New Jersey is generally a safe place to live. That is, if you have the money.

A wide-ranging study by personal finance company WalletHub ranks the Garden State as the 18th safest state in the nation. Weighing down the score are the finances of state residents.

To arrive at its ranking, WalletHub used 48 criteria that included not only crime and drug rates but also road and workplace safety, emergency preparedness and financial security.

New Jersey received its lowest score in the Financial Safety category, placing at a lowly 37th.

“Most of it has to do with savings,” said WalletHub analyst Jill Gonzalez. There are “not a lot of households with emergency funds or saving money for children’s colleges.”

Several states in the northeast — Vermont, Maine, New Hampshire, Connecticut, Rhode Island, Massachusetts — outperformed New Jersey in this category, and all placed in the overall top 10.

The northeast is the safest region of the country overall, which Gonzalez attributes largely to its financial stability.

She added, however, that “drug abuse in some of these (northeast) states has certainly spiked. The opioid epidemic (has) certainly reached a few of those states, but for the most part, (they are) safer places to be.”

New Jersey performed better in Road Safety, tying for fourth in Fewest Fatalities per 100 Million Miles of Driving. A caveat to this is that New Jersey is also one of the priciest states when it comes to driving, so it came in 18th in overall Driver Safety.

“When you’re looking at insurance premiums and adding a driver to your insurance premiums, New Jersey is one of the most expensive states in the country,” Gonzalez said.

New Jersey also did well in the category of Fatal Occupational Injuries per Total Workers, tying for the fourth lowest rate. Gonzalez said this could be a result of New Jersey having a higher concentration of jobs in the STEM industries — science, technology, engineering and math — which have fewer physical risks.

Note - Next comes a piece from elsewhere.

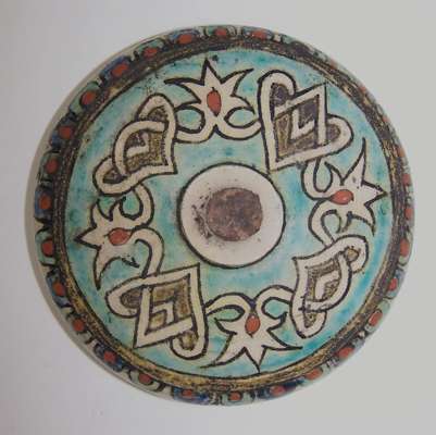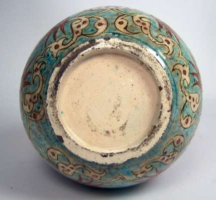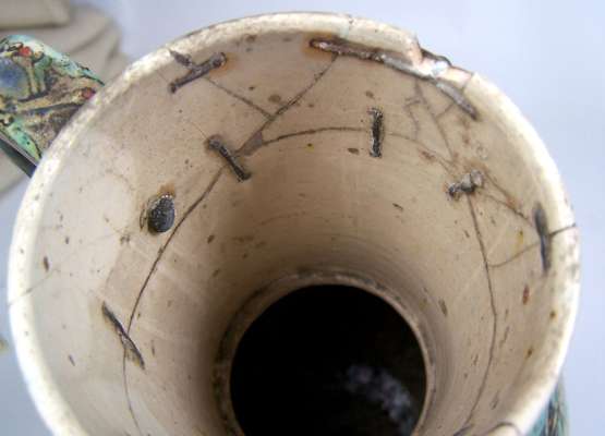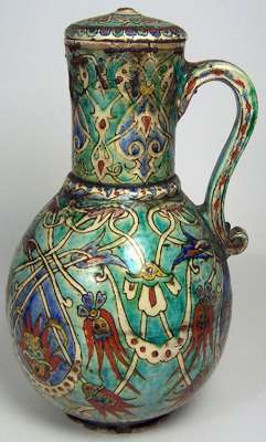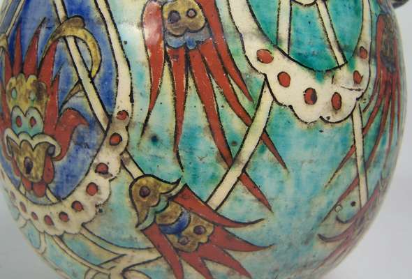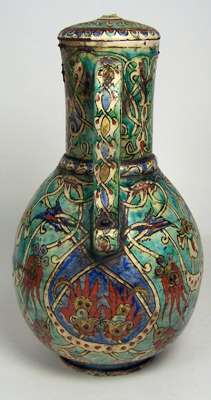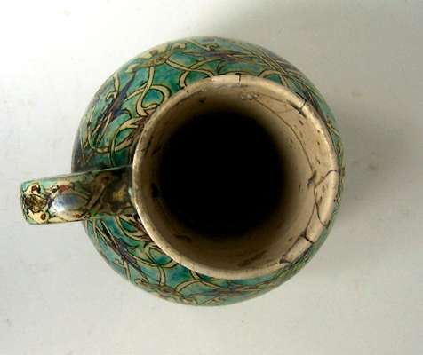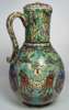 with cylindrical neck above ovoid body and scroll handle, decorated allover with stylised scrolling flowers and foliage on a green ground (damages)

New Jersey was near the middle of the pack in Emergency Preparedness, which measures the costs of billion-dollar climate disasters since 1980.

New Jersey's geographic location does not make it as vulnerable to natural disasters as states in other regions. The worst five states in this category were all located near the Gulf of Mexico. Relatively recent disasters like Superstorm Sandy, though, brought New Jersey’s score down to 27th, with nearby states Pennsylvania and New York achieving similar scores.

Roderick Macioch is a summer intern at New Jersey 101.5.